**Action item**
A word-for-word copy of the listing is what's needed; leave out every image.

□ □ □ □ □ □ □

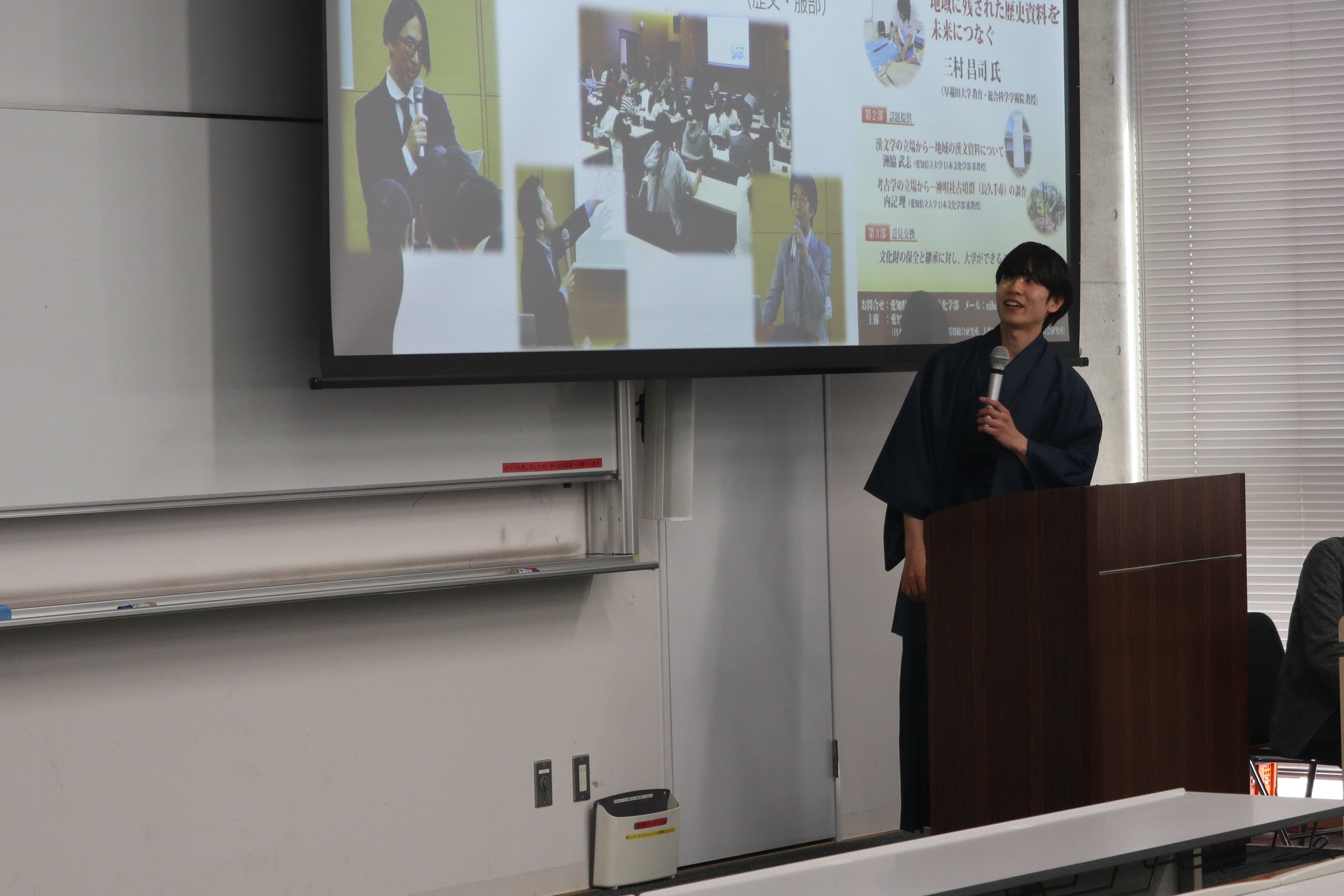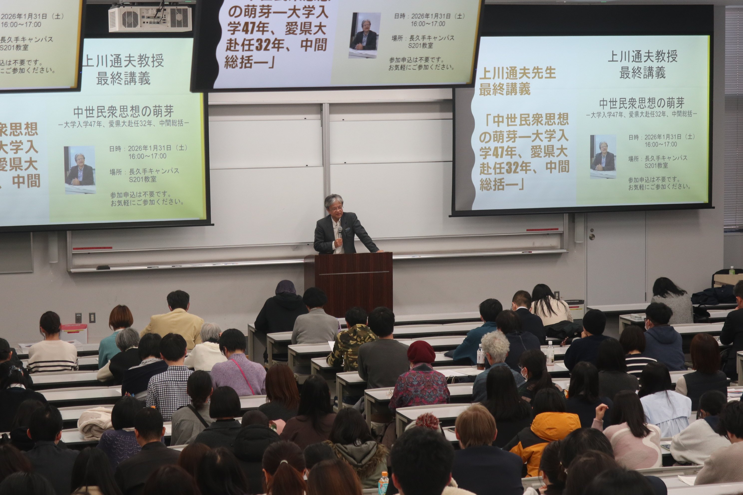 第二部では、今年度末に定年退職を迎えられる歴史文化学科・上川通夫教授最終講義「中世民衆思想の萌芽―大学入学47年、愛県大赴任32年、中間総括―」を開催しました。上川教授はご専門である日本中世史において、国家が仏教による体制を構築しようとする仏教史、また民衆は仏教思想を権力に対抗する手段とし人として生きる意味を見出す表現であったする中世民衆史につながる研究を元にした講義をされました。また、在任中に関わった県史・市史編さん事業や学生と立ち上げた中世史研究会の活動、スペイン、ブラジル、ウズベキスタンへの渡航など大学教員としての32年間を総括されました。講義には、多くの卒業生を含め150名以上の聴講があり、興味深く、有意義な時間となりました。
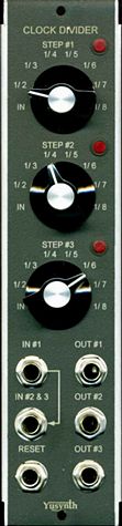 Description: From Yusynth.net: This module is meant to be a complement of step sequencers or to be used to trigger events at regular beats. It provides a way of clocking up to three step sequencers at various rates from a single external master clock, the master clock rate can be divided by 1 (unchanged rate), 2, 3, 4, 5, 6, 7 or 8 independently on the three dividers.
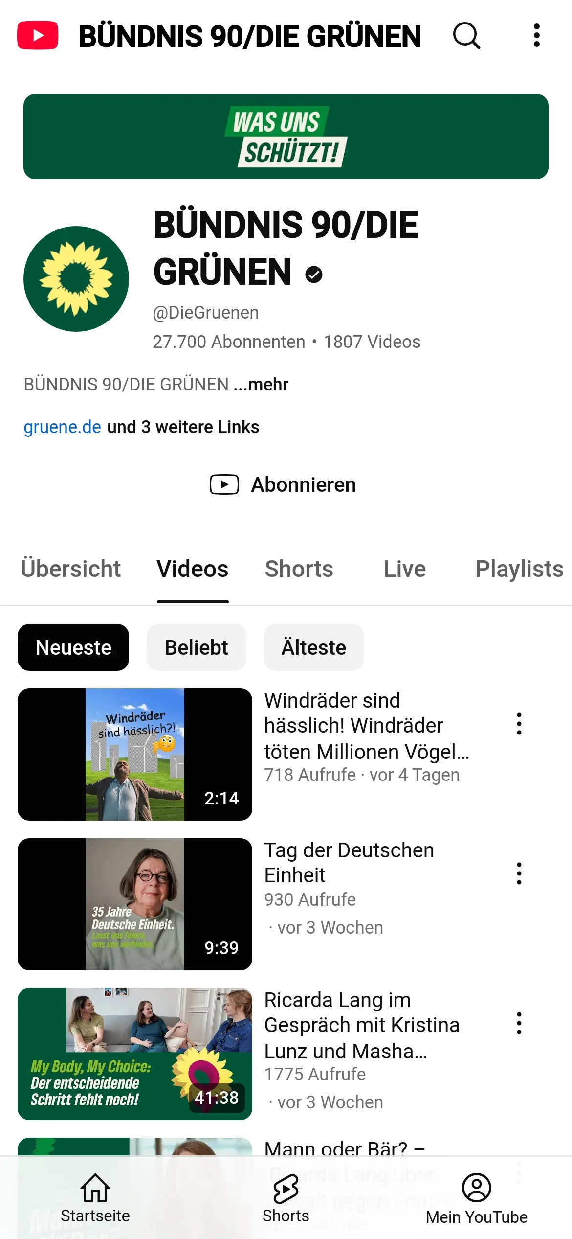 https://m.youtube.com:443/@DieGruenen/videos
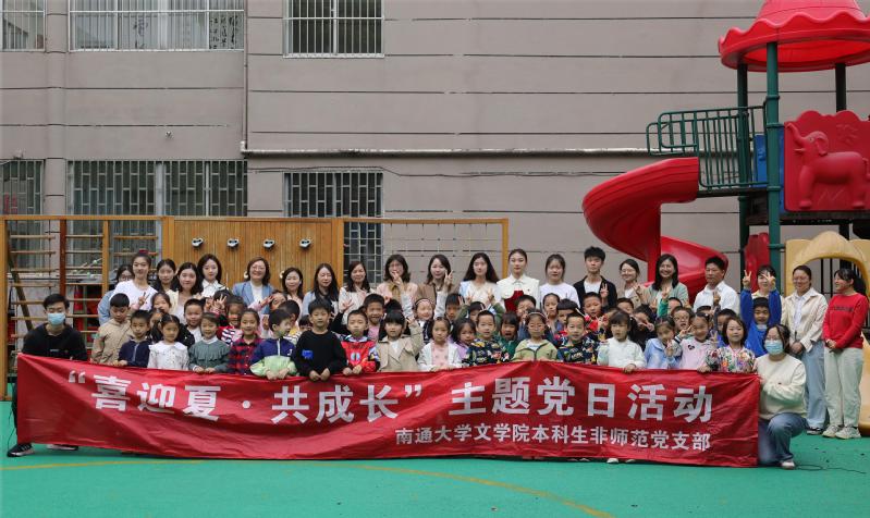 5月6日上午,文学院本科生非师范党支部赴通师二附幼儿园开展“喜迎夏·共成长”主题党日活动。学院党委书记陈燕,党委副书记、副院长袁小平,南通市崇川区新城桥街道党工委副书记、办事处主任陈勇出席活动。
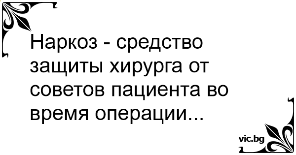 Наркоз - средство защиты хирурга от советов пациента во время операции...

□ □ □ □ □ □ □

**Output for this exercise**
 第二部では、今年度末に定年退職を迎えられる歴史文化学科・上川通夫教授最終講義「中世民衆思想の萌芽―大学入学47年、愛県大赴任32年、中間総括―」を開催しました。上川教授はご専門である日本中世史において、国家が仏教による体制を構築しようとする仏教史、また民衆は仏教思想を権力に対抗する手段とし人として生きる意味を見出す表現であったする中世民衆史につながる研究を元にした講義をされました。また、在任中に関わった県史・市史編さん事業や学生と立ち上げた中世史研究会の活動、スペイン、ブラジル、ウズベキスタンへの渡航など大学教員としての32年間を総括されました。講義には、多くの卒業生を含め150名以上の聴講があり、興味深く、有意義な時間となりました。
 Description: From Yusynth.net: This module is meant to be a complement of step sequencers or to be used to trigger events at regular beats. It provides a way of clocking up to three step sequencers at various rates from a single external master clock, the master clock rate can be divided by 1 (unchanged rate), 2, 3, 4, 5, 6, 7 or 8 independently on the three dividers.
 https://m.youtube.com:443/@DieGruenen/videos
 5月6日上午,文学院本科生非师范党支部赴通师二附幼儿园开展“喜迎夏·共成长”主题党日活动。学院党委书记陈燕,党委副书记、副院长袁小平,南通市崇川区新城桥街道党工委副书记、办事处主任陈勇出席活动。
 Наркоз - средство защиты хирурга от советов пациента во время операции...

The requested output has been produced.